Solution Explanation: SQL Query for Manager Statistics

This problem requires retrieving manager information along with the number of direct reports and their average age. The solution uses a SQL query leveraging self-joins and aggregate functions.

Approach:

  1. Self-Join: The Employees table is self-joined using JOIN Employees AS e2 ON e1.reports_to = e2.employee_id. This links each employee (e1) to their manager (e2) based on the reports_to column. e1 represents the employees, while e2 represents their respective managers.

  2. Grouping: The GROUP BY 1 clause groups the results by the manager's employee_id (the first column in the SELECT statement). This allows us to aggregate data for each manager.

  3. Aggregation:

    • COUNT(1) counts the number of employees reporting to each manager (reports_count).
    • ROUND(AVG(e1.age)) calculates the average age of the employees reporting to each manager and rounds the result to the nearest integer (average_age).
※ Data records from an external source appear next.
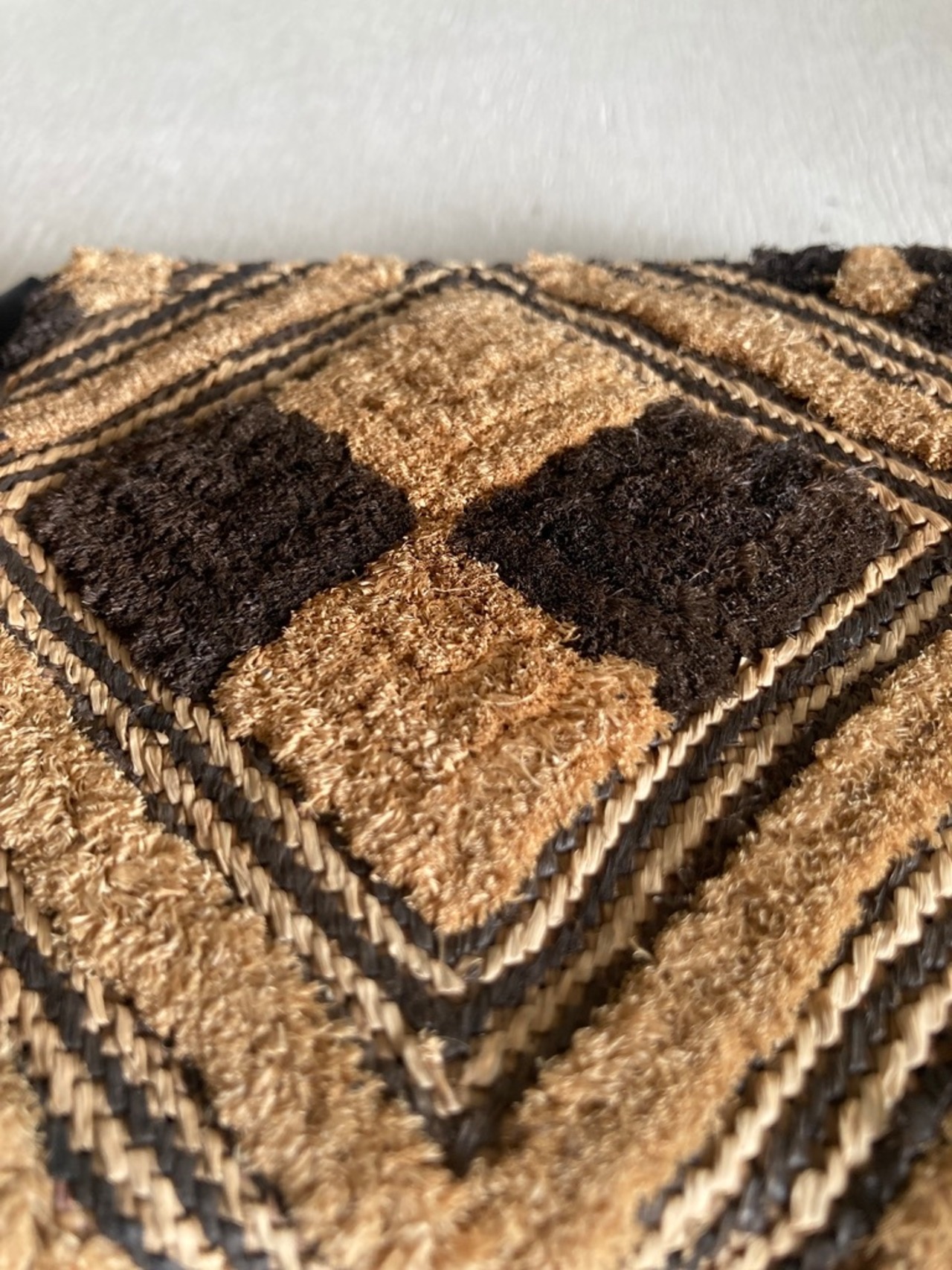 (パイル織の力強い印象の草ビロードを用いました。菱文のところパイル織に沿って同系色ながら織紋が入っているのが見所です。見方は人それぞれ、しかしながら、作り手の民にしか分かりえぬ各家々に継承された全てが吉祥を願う柄なのだそう。)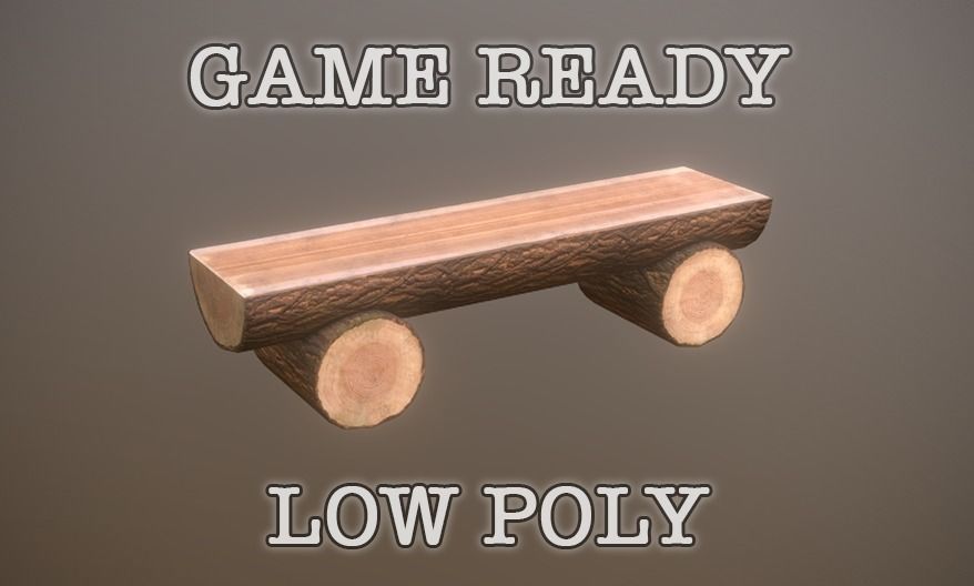 Log Bench low-poly game ready Low-poly 3D model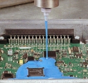 Encapsulation: A production line for casting and embedding electronic systems in protective Epoxy or PU resins. The PU/Epoxy encapsulation method protects systems that are intended to work in demanding environments, or systems conforming to MIL-STD specs. In many cases, encapsulation is the only way of making an electronic system vibration-proof, shock-proof, water-proof and chemically resilient.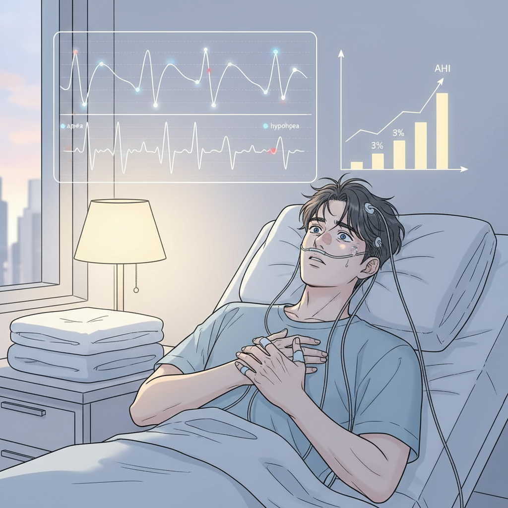 수면다원검사는 하룻밤 동안 환자의 뇌파, 안구 움직임, 근육 활동, 심전도, 호흡 노력, 산소포화도, 코골이 등을 종합적으로 측정하여 수면 중 발생하는 이상 현상을 분석하는 검사입니다. 이 검사를 통해 '무호흡-저호흡 지수(Apnea-Hypopnea Index, AHI)'를 산출하게 됩니다.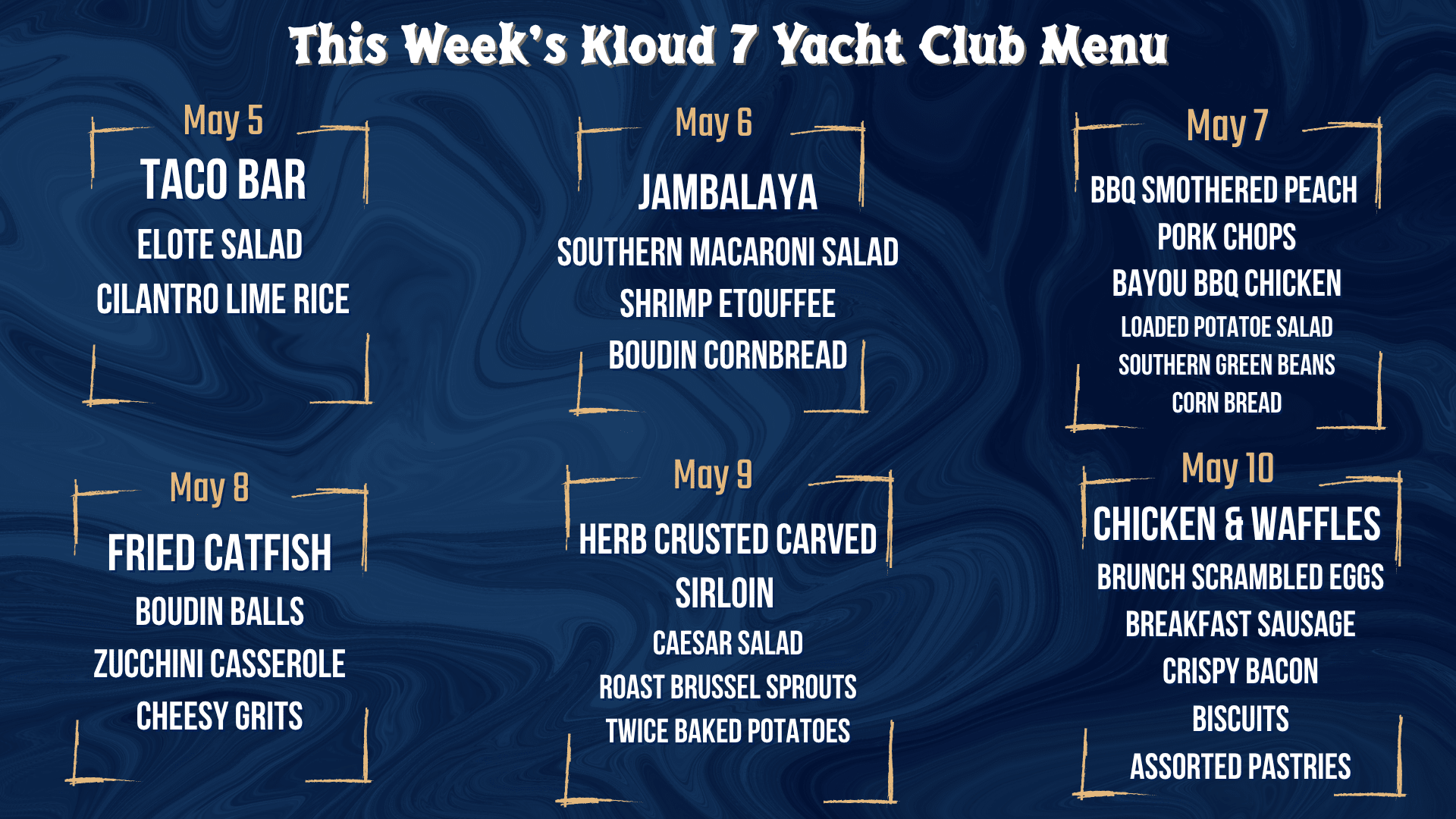 Groups outings in the Kloud 7 Yacht Club start at $54 per ticket with a minimum group of 12. Individual tickets to the Kloud 7 Yacht Club are also available for $60.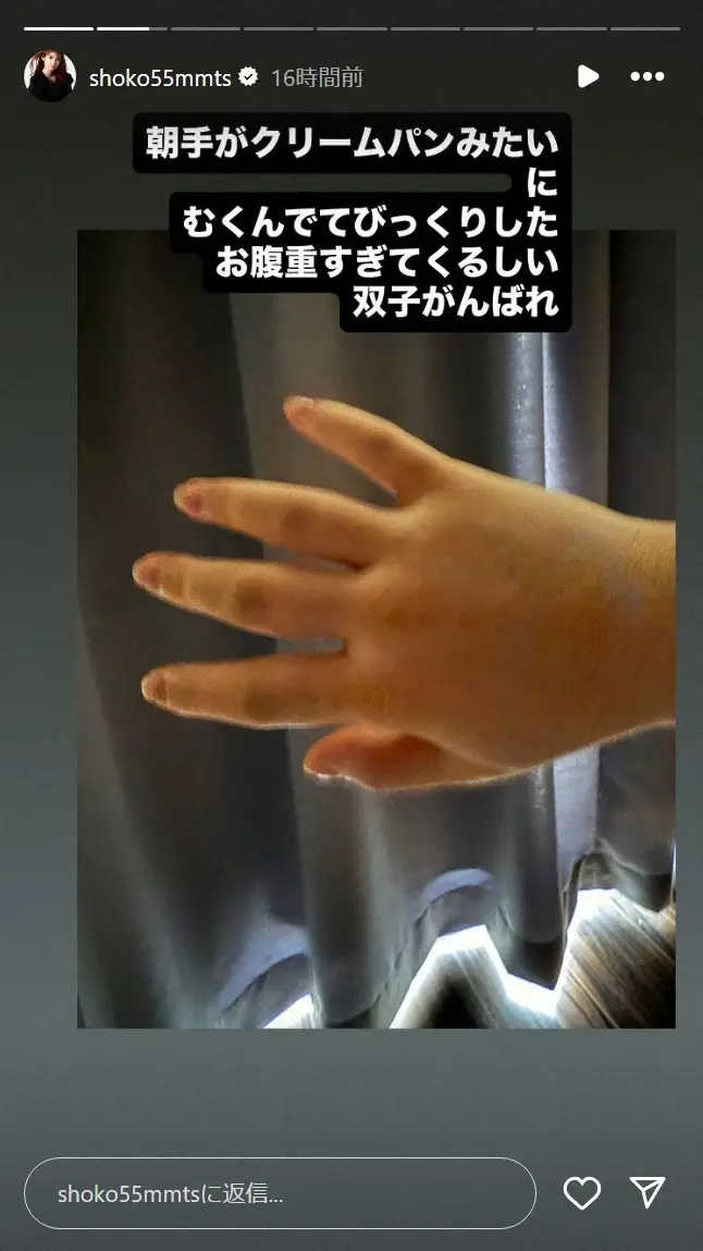 中川翔子インスタグラム(@shoko55mmts)から 中川翔子 双子妊娠34週超え悲鳴「ギリギリ限界感じてます」 帝王切開前… ギャラリーで見る この記事のフォト 2025年09月08日の画像一覧 もっと見る 2025年09月08日の画像をもっと見る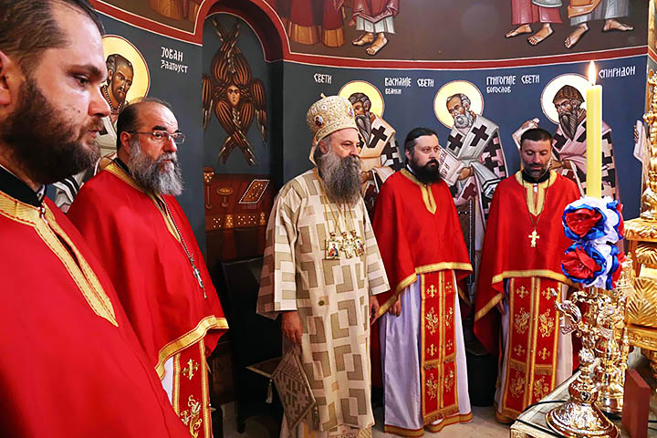 Његова Светост Патријарх српски г. Порфирије началствовао је 20. јуна 2021. године, на празник Силаска Духа Светог на Апостоле, светом архијерејском Литургијом у цркви Свете Тројице у Сремчици, уз саслужење изабраног Епископа марчанског г. Саве и свештенства Архиепископије београдско-карловачке.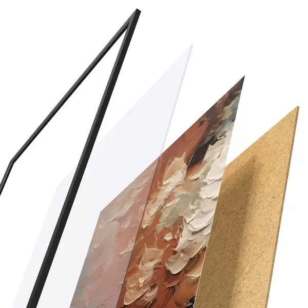 A poszter keretből, plexiből, nyomtatott képből és forgácslap hátlapból áll. A poszter a hátoldalon található rögzítőknek köszönhetően azonnal felakasztható a falra.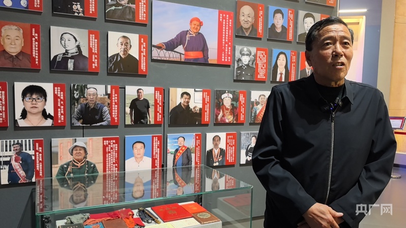 9月4日,淅淅瀝瀝的雨下個不停。下午三時許,孫保衛(wèi)來到四子王旗博物館展廳,在“人民楷模”都貴瑪展區(qū)駐足良久。他是都貴瑪額吉養(yǎng)育的28個“國家的孩子”中年齡最小的一個。
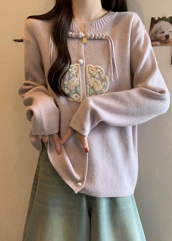 Luvik | Neuletakki Nappi Pompomi Brodeerattu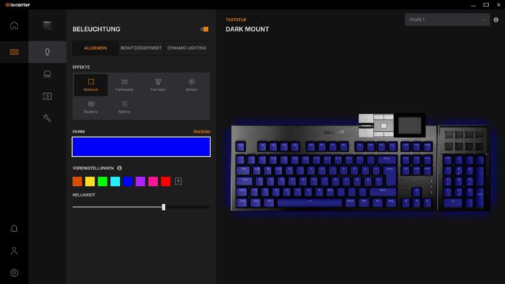 Die Software, das IO Center, ist bereits sehr ausgereift und auch angenehm aufgeräumt. Das ist also ein echter Pluspunkt der Dark Mount. Schade ist, dass es sich um eine ausschließlich kabelgebundene Tastatur handelt. Das hat mir etwa den Einsatz in meinem Gaming-Rig am Fernseher etwas erschwert. Ansonsten kann man Design und Verarbeitung größtenteils aber sehr loben. Die Dark Mount fühlt sich jedenfalls nicht wie das Debüt, sondern eher wie das Produkt eines erfahrenen Herstellers an.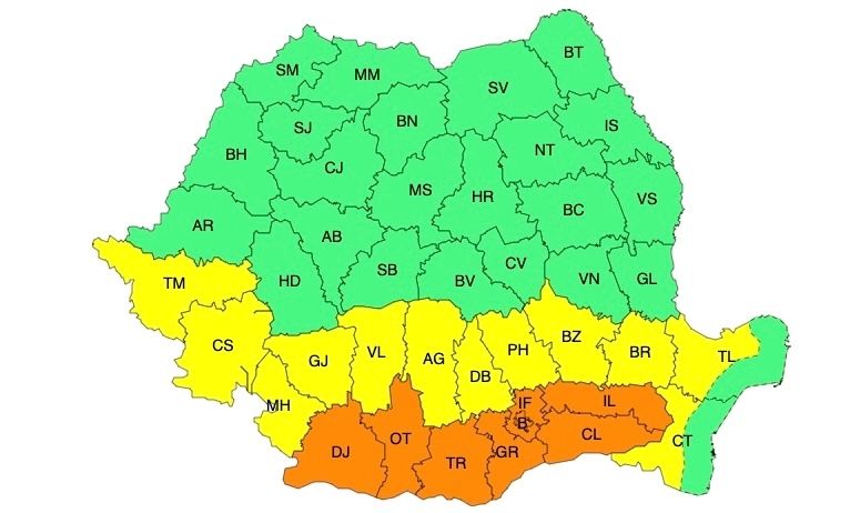 Vremea se menține caniculară, cu temperaturi ce ating chiar 37-38 de grade, însă apar și episoade de furtuni și instabilitate atmosferică. Administrația Națională de Meteorologie a emis noi atenționări de caniculă și ploi violente.

  4. Filtering (Implicit): Managers are implicitly identified because only employees who have at least one subordinate will appear in the results after the GROUP BY operation.

  5. Ordering: ORDER BY 1 orders the final result set by employee_id as required.

Time Complexity Analysis:

The time complexity of this SQL query depends heavily on the database engine's optimization strategies and the size of the Employees table. However, it is generally considered to be O(N log N) or better due to the efficient indexing and algorithms employed by most database systems for JOIN, GROUP BY, and ORDER BY operations. In the worst-case scenario without optimal indexes, it might approach O(N^2), where N is the number of rows in the Employees table. Proper indexing on employee_id and reports_to columns is crucial for efficient query execution.

MySQL Code:

SELECT
    e2.employee_id,
    e2.name,
    COUNT(1) AS reports_count,
    ROUND(AVG(e1.age)) AS average_age
FROM
    Employees AS e1
    JOIN Employees AS e2 ON e1.reports_to = e2.employee_id
GROUP BY 1
ORDER BY 1;

Other SQL Dialects:

The query's structure is largely database-agnostic. Minor syntax adjustments might be necessary depending on the specific database system (e.g., column aliases might need adjustments). The core concepts of self-join, grouping, and aggregation remain the same. For instance, in PostgreSQL, you might use ROUND(AVG(e1.age)::numeric) for more precise rounding.

The provided solution efficiently solves the problem using standard SQL features and is generally adaptable to most SQL databases. The focus on proper indexing is key to maintaining good performance as the table size grows.